== Exercise material

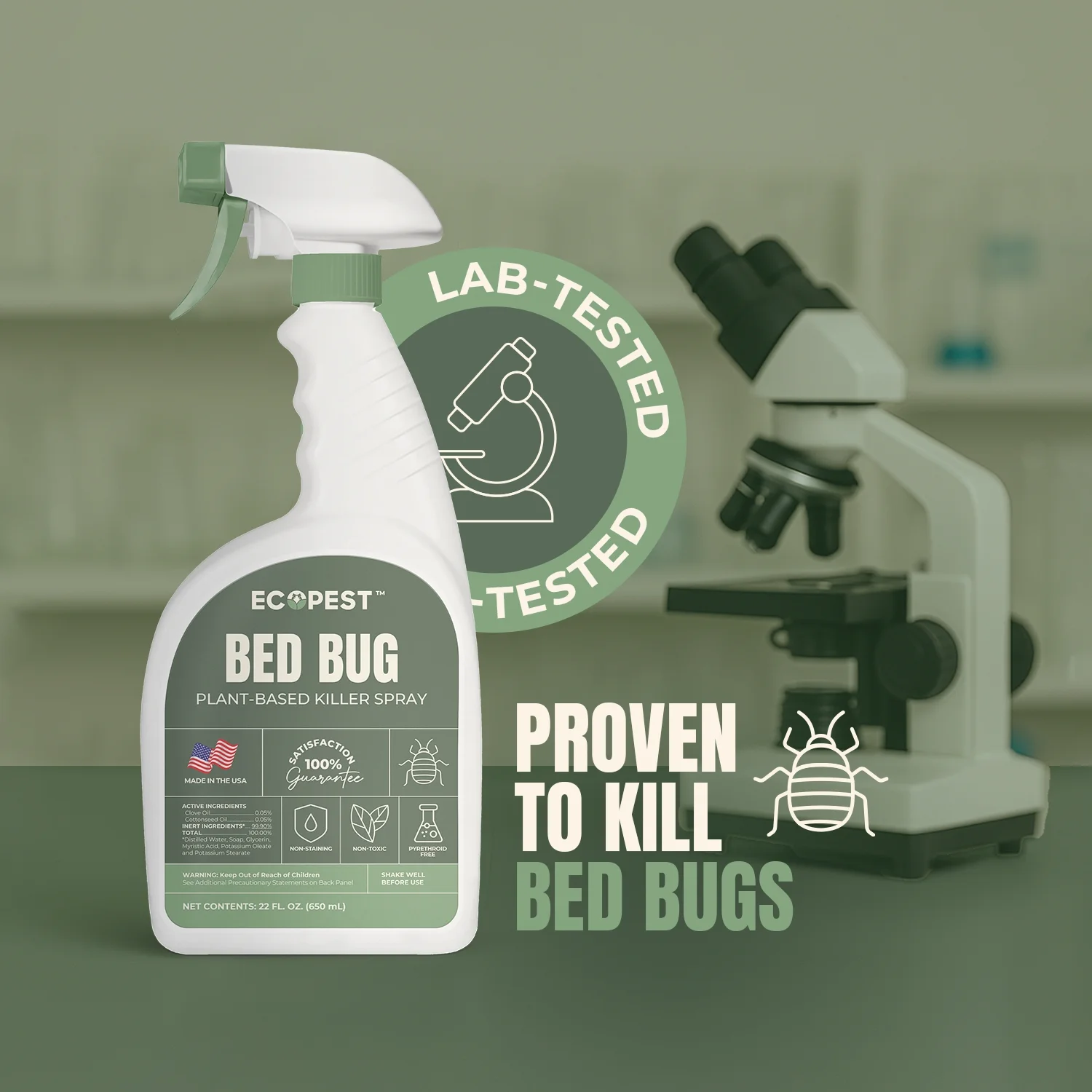 - PROVEN TO KILL BED BUGS �C Tested by entomologists, trusted by the pros. Lab-tested and field-proven, EcoPest Bed Bug Killer Spray delivers fast knockdown and lasting control of bed bugs at all life stages��adults, nymphs, instars, and eggs. Developed through extensive research by entomologists and pest control professionals, this high-performance formula kills on contact and helps prevent re-infestation. Use it confidently on mattresses, bed frames, baseboards, and cracks where bed bugs hide. Protect your home, your peace of mind, and your sleep.
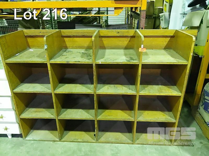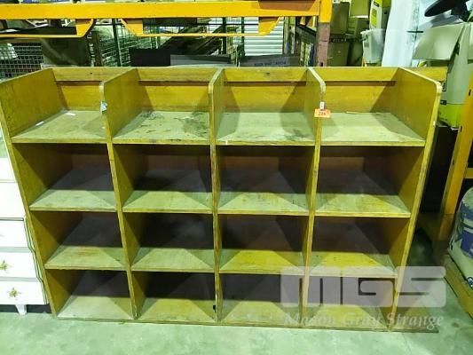 TIMBER SCHOOL PIGEON HOLE SHELF UNIT, 16 COMPARTMENT
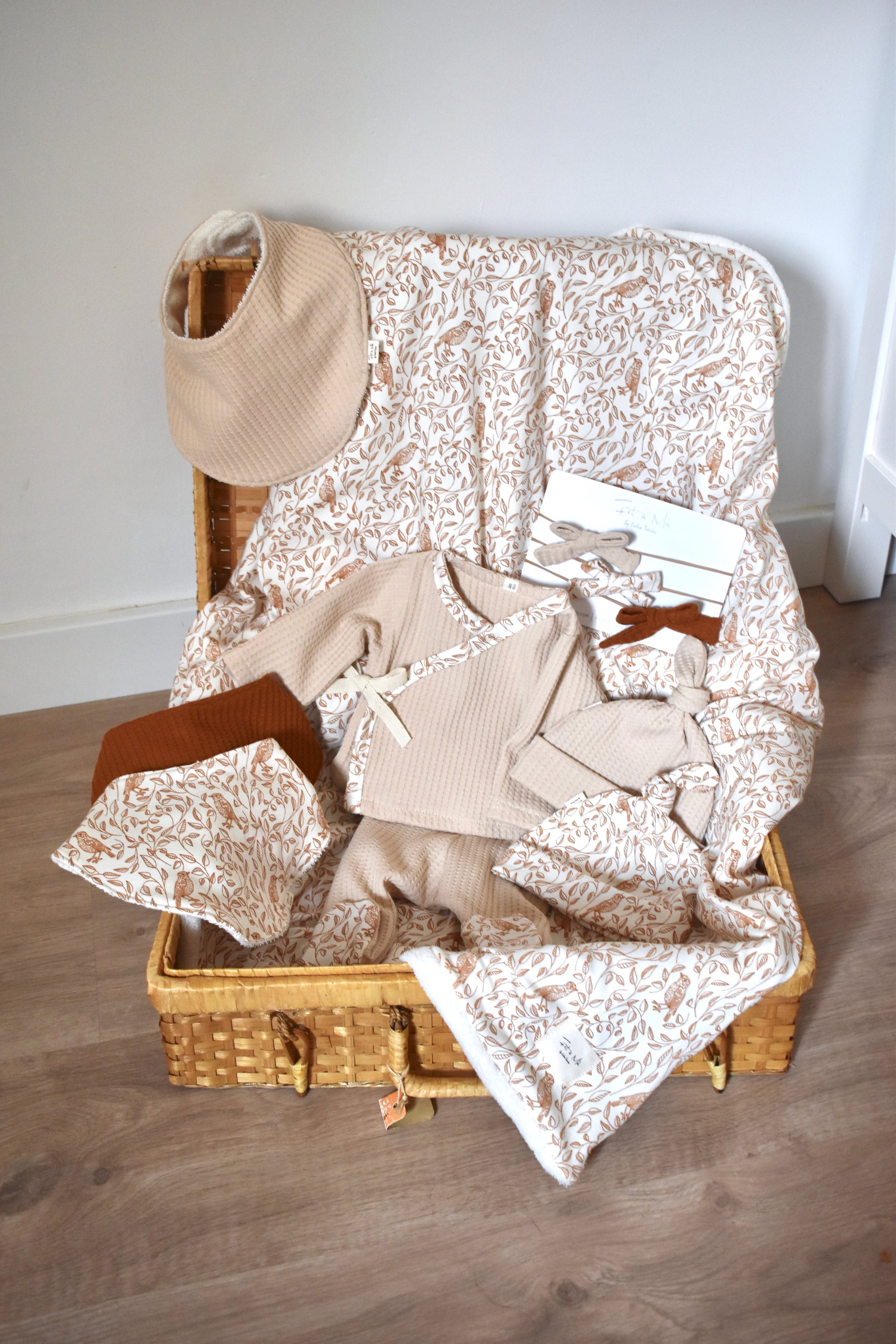 Conjunto de kimono y polaina, perfecto como primera puesta. El cierre interior es un un snap y el exterior se anuda con una cinta de algodón.
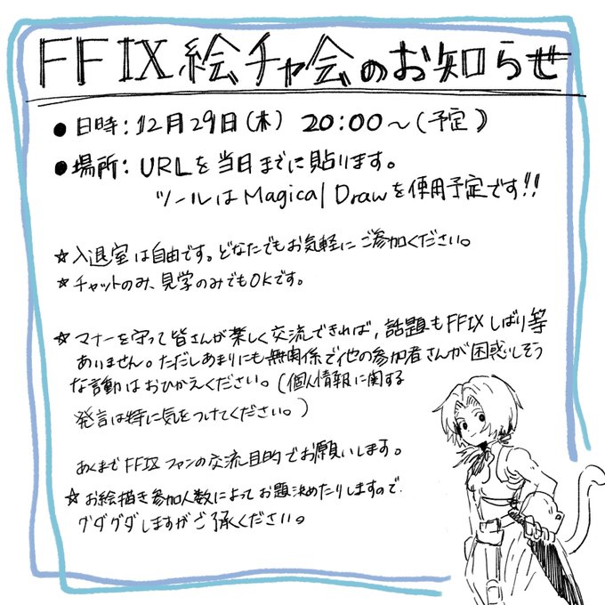 FF9 お絵かきチャット会やります! 日時 12月29日(木) 20:00-(予定) 場所 後日URLを貼ります。 どなたでもお気軽にご参加ください!
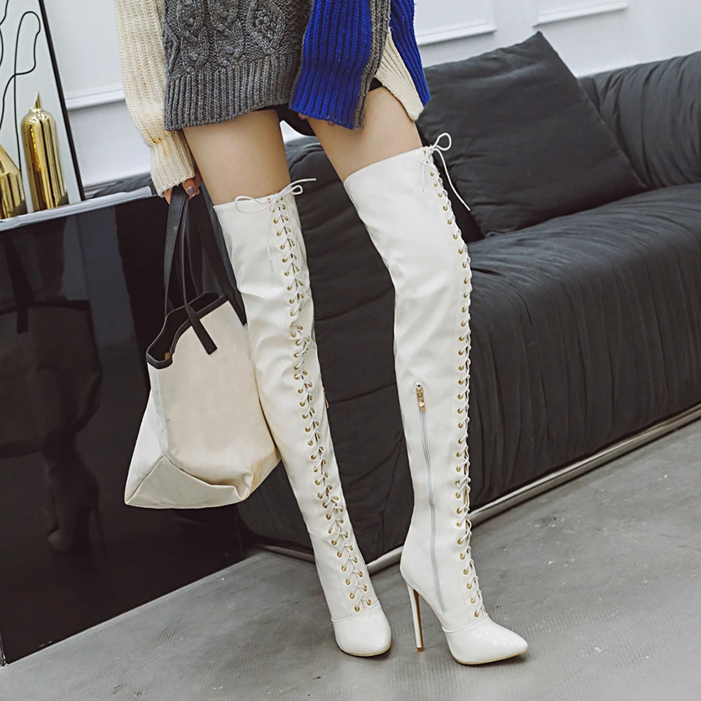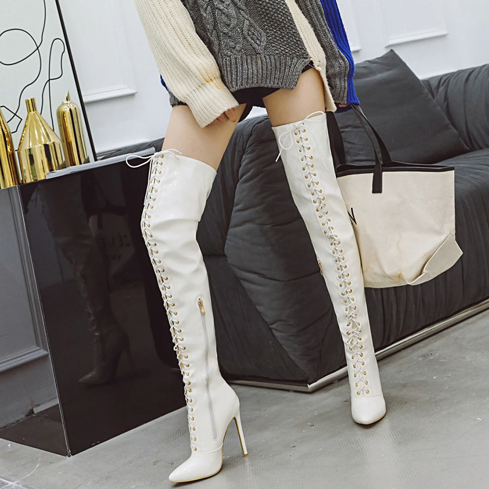 Женские высокие сапоги Сапоги выше колена Стрейчевые вязаные носки на массивном

====

Every line from the one holding "Conjunto de kimono" to the last line of the listing above, inclusive, must appear exactly as written, and no picture may appear.

** Output of the exercise **
 Conjunto de kimono y polaina, perfecto como primera puesta. El cierre interior es un un snap y el exterior se anuda con una cinta de algodón.
 FF9 お絵かきチャット会やります! 日時 12月29日(木) 20:00-(予定) 場所 後日URLを貼ります。 どなたでもお気軽にご参加ください!
 Женские высокие сапоги Сапоги выше колена Стрейчевые вязаные носки на массивном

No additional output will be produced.